HISTORY

The origins of NORRAG

More than forty years ago, in 1976, the International Development Research Centre (IDRC) of Canada supported the formation of a Research, Review and Advisory Group (RRAG) which was charged with critically reviewing and disseminating education research related to the developing world. In time this initiative led to Regional RRAGs, and in due course, in 1986, to what at that time was called the Northern Research Review and Advisory Group (NORRAG). This birth was made possible by support from the Swedish International Development Authority (Sida) and in particular by its Education Division.

Although it was a few years before ‘Northern’ was changed to ‘Network’, NORRAG already had a global reach, with subscribers in Latin America, Sub-Saharan Africa, South East Asia and the Caribbean. Also from the very beginning, its members and contributors were drawn from academia, from development agencies, and from civil society. This was evident in the three presidents which it had in its early years: Noel McGinn (Harvard), Aklilu Habte (World Bank) and Ingemar Gustafsson (Sida).

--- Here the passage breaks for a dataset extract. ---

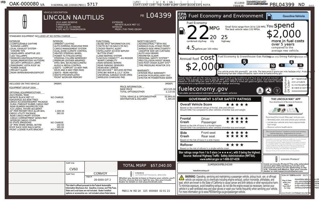 2023 Lincoln Nautilus Reserve We want you to shop confidently for your next used car at The BIG Ford Store, D-Patrick Ford. We are located on Highway 41 and Walnut in Evansville, right next to the Lloyd Expressway. Buy this used vehicle 100% online or in-store. This pre-owned vehicle was put through an extensive inspection before hitting our lot. Because of this, we are able to offer a 3-month/3,000-mile comprehensive limited warranty. You also get our Love It or Return It 5-day, 300-mile Exchange Policy. See our website for more details on both. We also offer extended service plans, vehicle protection plans, and offer a CarFax vehicle history report. *Prices listed do not include a $250 documentation fee, applicable tax, title, tags, license, or $195 service and preparation. All pricing, vehicle information, and features (such as accessories and color) are believed to be accurate, but we do not warrant or guarantee such accuracy. The prices shown above may vary from region to region, and incentives are subject to change. Some offers listed may not be available to all customers. All online sale commitments are subject to confirmation of continued availability of vehicle. Once availability is confirmed, online sale agreement becomes binding upon the parties. If any information found on the website is thought to be erroneous, please verify information with a customer service representative. See dealer for full details. Looking to sell your current vehicle? We buy cars for cash. Every test drive at D-Patrick Ford in Evansville earns $10 to a local charity. Schedule your test drive today! 10 Speakers, 110V/150W AC Power Outlet, 3.80 Axle Ratio, 4-Wheel Disc Brakes, ABS brakes, Air Conditioning, Alexa Built-In, All-Weather Floor Liners w/Carpet Mats, Alloy wheels, AM/FM radio: SiriusXM with 360L, Auto High-beam Headlights, Auto tilt-away steering wheel, Auto-dimming door mirrors, Auto-dimming Rear-View mirror, Automatic temperature control, Brake assist, Bumpers: body-color, Cargo Accessories & Mat Package, Cargo Compartment w/Reversible Mat, Cargo Utility Package, Compass, Delay-off headlights, Driver door bin, Driver vanity mirror, Dual front impact airbags, Dual front side impact airbags, Durable Lightweight Rubber Cargo Mat, Electronic Stability Control, Emergency communication system: 911 Assist, Equipment Group 200A, Four wheel independent suspension, Front anti-roll bar, Front Bucket Seats, Front Center Armrest w/Storage, Front dual zone A/C, Front reading lights, Fully automatic headlights, Garage door transmitter: HomeLink, Heated door mirrors, Heated front seats, Heated rear seats, Heated steering wheel, Illuminated entry, Interior Cargo Cover, Knee airbag, Leather steering wheel, Low tire pressure warning, Memory seat, Molded Plastic Storage Bins, Navigation System, Occupant sensing airbag, Outside temperature display, Overhead airbag, Overhead console, Panic alarm, Passenger door bin, Passenger vanity mirror, Power door mirrors, Power driver seat, Power Liftgate, Power moonroof: Panoramic Vista Roof, Power passenger seat, Power steering, Power windows, Premium Lthr-Trmmd Heated/Ventilated Comfort Seats, Radio data system, Radio: AM/FM/HD Audio System, Rain sensing wipers, Rear anti-roll bar, Rear Bumper Anti-Scratch Pad/Load Protector, Rear Cargo Management System, Rear reading lights, Rear seat center armrest, Rear window defroster, Rear window wiper, Remote keyless entry, Satin Roof Rack Side Rails w/o Crossbars, Security system, Speed control, Speed-sensing steering, Speed-Sensitive Wipers, Split folding rear seat, Spoiler, Steering wheel memory, Steering wheel mounted A/C controls, Steering wheel mounted audio controls, SYNC 4 w/Enhanced Voice Recognition, Tachometer, Telescoping steering wheel, Tilt steering wheel, Traction control, Trip computer, Turn signal indicator mirrors, Variably intermittent wipers, Ventilated front seats, Wheels: 18 Premium Painted Bright Machined Alum, Wheels: 20 Prem Painted Bright Mac

The institutional management of NORRAG has moved across Europe from Stockholm to the Centre for the Study of Education in Developing Countries (CESO) in The Hague, to the Graduate Institute of Development Studies (IUED) then to the Graduate Institute for International Relations and Development Studies (IHEID) in Geneva. Since the move to Switzerland in 1992, the management of all NORRAG activities has been supported by the Swiss Agency for Development and Cooperation (SDC).

NORRAG has developed several key knowledge products (from NORRAG News in 1986 and then Working Papers, the NORRAG Bulletin, the NORRAG Blog, and from 2018 NORRAG Special Issues). In addition, NORRAG has considerably expanded its service offerings over the last few years, including a wide range of policy dialogue events, capacity building and the development of institutional partnerships in the global South and North. Over the years, NORRAG has enjoyed support from Sida (Sweden), then DFID (UK), and Open Society Foundations (OSF), and is now supported mainly by SDC (Switzerland), OSF and the Graduate Institute, Geneva.